Title: life goes on (2/3)
Pairing: KyuHae
Rating: PG-13
Genre: drama, angst, romance, au
Word Count: 1700+
Kyuhyun’s POV
The bus ride was long and uneventful, and by the time they had completed their paperwork at the dorms, it was nightfall.
After staggering into Donghae’s single room and dumping all his belongings there, we headed to my room with a sufficiently lighter load.
There seemed to be an unspoken agreement that we were sticking together, at least for a little longer.
The first thing that I noticed upon entering was that there were two beds. I had a roommate. Crap. Why the hell didn’t I check these things beforehand? He’s going to hear me scream in the middle of the night and think I’m a lunatic.

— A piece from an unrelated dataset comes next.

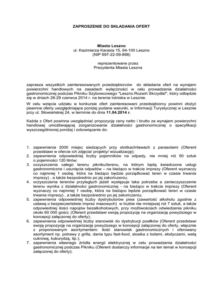 ZAPROSZENIE DO SKŁADANIA OFERT Miasto Leszno ul. Kazimierza Karasia 15, 64-100 Leszno (NIP 697-22-59-898) reprezentowane przez Prezydenta Miasta Leszna zaprasza wszystkich zainteresowanych przedsiębiorców do składania ofert na wynajem powierzchni handlowych na zasadach wyłączności w celu prowadzenia działalności gastronomicznej podczas Pikniku Szybowcowego "Leszno.Rozwiń Skrzydła!", który odbędzie się w dniach 28-29 czerwca 2014 r. na terenie lotniska w Lesznie. W celu wzięcia udziału w konkursie ofert zainteresowani przedsiębiorcy powinni złożyć pisemne oferty uwzględniające poniżej podane warunki, w Informacji Turystycznej w Lesznie przy ul. Słowiańskiej 24, w terminie do dnia 11.04.2014 r. Każda z Ofert powinna uwzględniać propozycję ceny netto i brutto za wynajem powierzchni handlowej umożliwiającej zorganizowanie działalności gastronomicznej o specyfikacji wyszczególnionej poniżej i zobowiązanie do: 1. zapewnienia 2000 miejsc siedzących przy stolikach/ławach z parasolami (Oferent przedstawi w ofercie ich zdjęcia/ projekty/ wizualizację); 2. zapewnienia odpowiedniej liczby pojemników na odpady, nie mniej niż 50 sztuk o pojemności 120 litrów; 3. oczyszczenia całego terenu pikniku/terenu, na którym będą świadczone usługi gastronomiczne i usunięcia odpadów – na bieżąco w trakcie imprezy (Oferent wyznaczy co najmniej 1 osobę, która na bieżąco będzie porządkować teren w czasie trwania imprezy) , a także bezpośrednio po jej zakończeniu; 4. oczyszczenia terenów przyległych jeżeli występuje taka potrzeba a zanieczyszczenie terenu wynika z działalności gastronomicznej - na bieżąco w trakcie imprezy (Oferent wyznaczy co najmniej 1 osobę, która na bieżąco będzie porządkować teren w czasie trwania imprezy) , a także bezpośrednio po jej zakończeniu; 5. zapewnienia odpowiedniej liczby dystrybutorów piwa (zawartość alkoholu zgodnie z ustawą o bezpieczeństwie imprez masowych) w liczbie nie mniejszej niż 7 sztuk, a także odpowiedniej ilości napojów bezalkoholowych, przy możliwościach odwiedzenia pikniku około 60 000 gości; (Oferent przedstawi swoją propozycję na organizację powyższego w koncepcji załączonej do oferty); 6. zapewnienia odpowiedniej liczby stanowisk do dystrybucji posiłków (Oferent przedstawi swoją propozycję na organizację powyższego w koncepcji załączonej do oferty, włącznie z proponowanym asortymentem: ilość stanowisk gastronomicznych i oferowany asortyment np. potrawy z grilla, dania typu fast-food, stosika z lodami, słodyczami, watą cukrową, kukurydzą, itp.); 7. zapewnienia własnego źródła energii elektrycznej w celu prowadzenia działalności gastronomicznej podczas Pikniku (Oferent dostarczy informacje na ten temat w koncepcji załączonej do oferty); 8. przygotowania i wydania 300 bezpłatnych posiłków regeneracyjnych (np. kiełbasa/mięso z grilla + pieczywo + napój) dla wolontariuszy obsługujących Piknik Szybowcowy (Oferent przedstawi swoją propozycję na skład posiłku w koncepcji załączonej do oferty); 9. zorganizowania namiotu VIP-owskiego z zagwarantowaniem nielimitowanych bezpłatnych napojów bezalkoholowych i piwa (zgodnie z ustawą o bezpieczeństwie imprez masowych) i wyżywienia dla 100 osób dziennie spełniającego następujące warunki: a. namiot zlokalizowany będzie w strefie VIP, b. wyposażony zostanie w podłogę, stoliki i miejsca siedzące ( min. 25 miejsc siedzących) c. namiot będzie posiadał również miejsca siedzące na zewnątrz przy stolikach z parasolami (min. 20 miejsc siedzących) i odgrodzony będzie np. płotkiem (tzw. ogródek) d. wydzielone zostanie miejsce na kabinę sanitarna typu TOY TOY (kabinę na swój koszt dostarczy Zamawiający, Oferent będzie na bieżąco dbał o jej czystość) e. namiot będzie funkcjonował przez dwa dni, w godzinach trwania pikniku w tym również koncertu gwiazdy muzycznej, f. dostęp do namiotu będą miały osoby posiadające odpowiedni identyfikator (identyfikatory zostaną wyprodukowane przez Organizatora w ilości 100 szt, kontrola dostępu zostanie zapewniona przez Organizatora). Oferent przedstawi w koncepcji załączonej do oferty przykładowe zdjęcia / projekt / wizualizację namiotu VIP wraz z proponowanym menu, wyposażeniem i dekoracjami. 10. Oferent załączy do oferty informacje o swoim doświadczeniu w prowadzeniu działalności gastronomicznej w czasie dużych imprez. 11. przestrzegania wszelkich porządkowych poleceń organizatora Pikniku; 12. Organizator nie dopuszcza umieszczania przez wybranego Oferenta na terenie Pikniku nośników reklamowych poza obrandowanymi elementami niezbędnego wyposażenia (np. namioty, parasole), zgodnie z zasadami przedstawionymi poniżej. Bez zgody Organizatora dopuszcza się jedynie stosowanie elementów wyposarzenia, które opatrzone są informacjami/ brandingiem wybranego Oferenta. Jeśli elementy wyposarzenia są opatrzone informacjami / brandingiem innej marki, należy to zaznaczyć w ofercie w celu uzyskania zgody Organizatora. 13. Zamawiający udostępni Oferentowi przyłącze wodne i obciąży go kosztami za zużycie wody podczas imprezy. Oferta musi być podpisana przez osobę lub osoby uprawnione do reprezentowania Oferenta. Ponadto oferta powinna zostać sporządzona w języku polskim oraz zawierać: pełną nazwę Oferenta; siedzibę i dokładny adres Oferenta; dane kontaktowe, w szczególności numer telefonu; nr NIP, Regon; osobę do kontaktu; koncepcję wykorzystania powierzchni handlowej w celu prowadzenia działalności gastronomicznej w czasie Pikniku Szybowcowego, zgodnie z wymogami przedstawionymi powyżej; 7. oświadczenie o zdolności organizacyjnej i ekonomicznej do zrealizowania na wynajętej powierzchni usług gastronomicznych o wskazanej w niniejszym zapytaniu specyfikacji; 1. 2. 3. 4. 5. 6. 8. oświadczenie iż koncepcję wykorzystania powierzchni handlowej w celu prowadzenia działalności gastronomicz

Donghae’s voice shook me out of my thoughts. “Can I stay here for the night, Kyuhyun-ah? Your roommate probably won’t be coming tonight, considering he isn’t here already. And I’ll leave if he does come.”
A tidal wave of warm gratitude hit me. I knew he probably just wanted to make sure I was alright, but I could damn well swallow my pride and accept his offer, if it meant that I could sleep easy one more time.
“Of course, hyung. Feel at home. I’m going to take a quick shower.”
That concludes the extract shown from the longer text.